Transformer Model for Data Extraction from Symptomatic Patients’ Histories
GastroGPT, a transformer-based natural language processing model, was developed to extract relevant data points from the histories of symptomatic patients presenting to an outpatient gastroenterology clinic. The model architecture was based on the BERT (Bidirectional Encoder Representations from Transformers) model, which has demonstrated state-of-the-art performance in various natural language processing tasks [
19]. GastroGPT was pre-trained on a large corpus of medical literature, including textbooks, guidelines, and research articles, to acquire a comprehensive understanding of medical terminology and context.
- 3.
Decision Tree-Based Model for CRC Risk Assessment and Colonoscopy Recommendation
A gradient boosting decision tree model, XGBoost, was employed to assess the risk of CRC based on the data points extracted by GastroGPT from symptomatic patients’ histories. The model was trained using the data points extracted from 700 simulated patient cases in the training dataset. The features used for training included age, gender, BMI, family history of CRC, presence of rectal bleeding, weight loss, change in bowel habits, abdominal pain, anemia, low ferritin and low albumin (
Table 1).
2.3. GastroGPT for Data Extraction from Early CRC Patients’ Histories
For patients diagnosed with early-stage CRC (stage II or III), GastroGPT was applied to extract relevant data points from their medical histories. The model architecture and pre-training process were similar to that used for symptomatic patients. However, the dataset consisted of actual histories of patients diagnosed with early-stage CRC, annotated by the panel of gastroenterologists to highlight relevant prognostic factors, such as tumor location, histological grade, presence of lympho-vascular invasion, and microsatellite instability status.
- 4.
Decision Tree-Based Models for Prognosis and Treatment Response Prediction
A suite of decision tree-based models, including XGBoost, LGBoost, Deep Surv, and DeepHit, was developed to predict prognosis and treatment response in early-stage CRC patients. These models were trained using the data points extracted by GastroGPT from the 500 simulated early-stage CRC patient cases in the training dataset. The features used for training included age, gender, BMI, tumor location, tumor size, histological grade, depth of invasion, number of lymph nodes involved, presence of lympho-vascular invasion, microsatellite instability status, and any relevant laboratory findings, such as carcinoembryonic antigen (CEA) levels.

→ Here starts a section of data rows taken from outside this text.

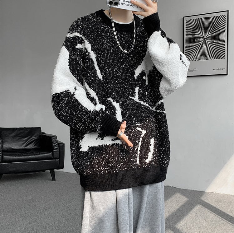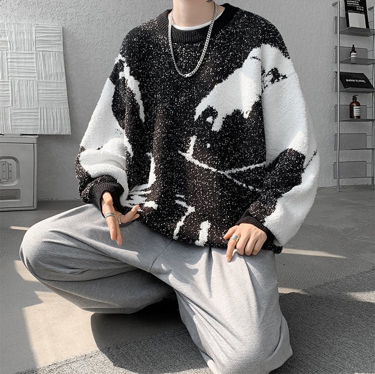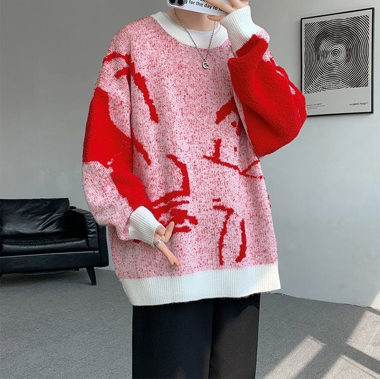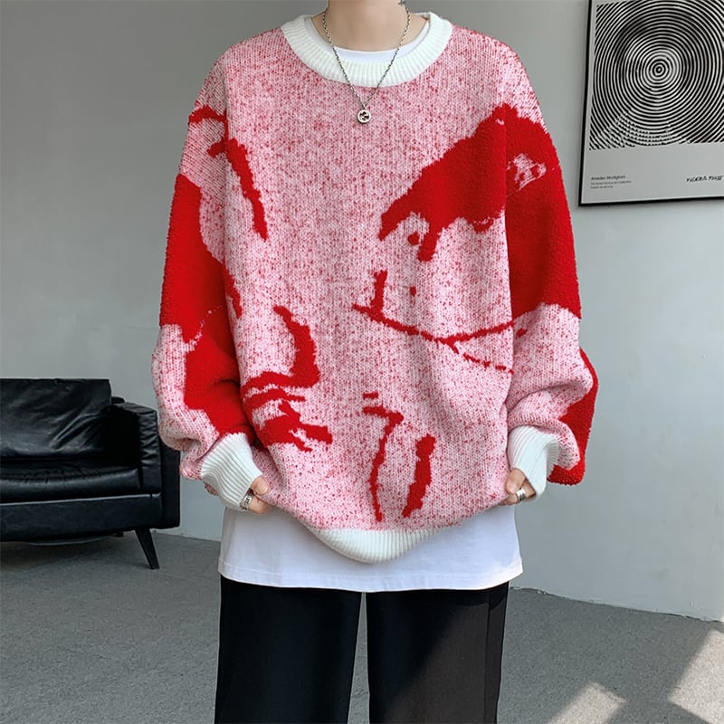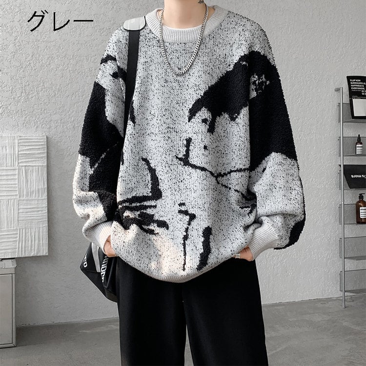 【CEXUシリーズ】★セーター★ 3color ニットトップス 男女兼用 メンズ 大きいサイズ 黒 灰 赤 配色 おしゃれ
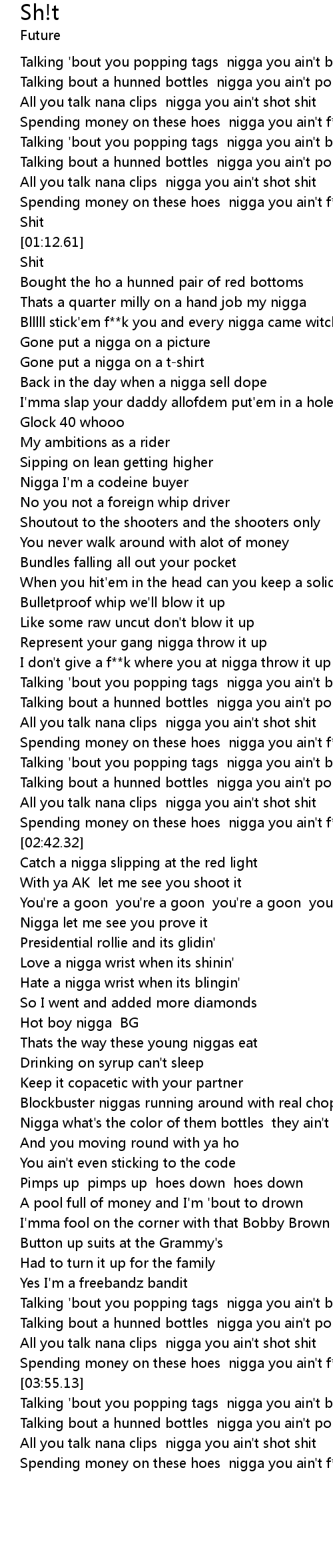 | [01:19.13] | Thats a quarter milly on a hand job my nigga |
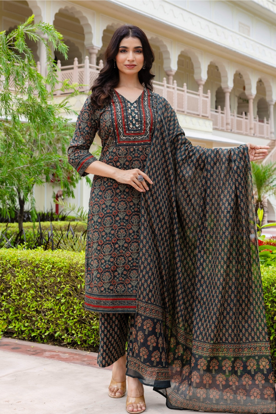 2. Dark Green Ajrakh Print Yoke Design Kurta Set
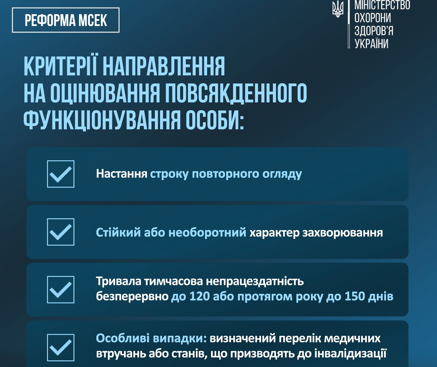З 1 січня 2025 року в Україні запрацює нова система оцінювання повсякденного функціонування особи. Замість медико-соціальних експертних комісій (МСЕК) оцінювання будуть проводити експертні команди лікарів-практиків у лікарнях.

2.4. Data Collection and Preprocessing
The study utilized data from a cohort of patients diagnosed with stage II and III CRC at our institution between January 2010 and December 2020. The electronic health records of these patients were retrospectively reviewed to extract relevant clinical information. A standardized data collection template was followed to ensure consistency in data structure and granularity across all patient cases.
The initial dataset consisted of 1253 patients with biopsy-proven CRC. After applying the inclusion and exclusion criteria, a total of 130 patient cases were included in the final dataset. The collected data were preprocessed to ensure data quality and consistency, including data cleaning, normalization, and encoding.
2.5. Evaluation of the Models’ Performance
The performance of the GastroGPT model in extracting relevant data points from patient histories was evaluated using precision, recall, and F1-score metrics. The extracted data points were compared against the annotations provided by the panel of gastroenterologists, serving as the ground truth. The performance of the XGBoost model for CRC risk assessment and colonoscopy recommendation was evaluated using the area under the receiver operating characteristic curve (AUROC), sensitivity, specificity, positive predictive value (PPV), and negative predictive value (NPV). The performance of the decision tree-based models for prognosis and treatment response prediction was evaluated using the concordance index (C-index), time-dependent area under the receiver operating characteristic curve (TD-AUROC), and calibration plots.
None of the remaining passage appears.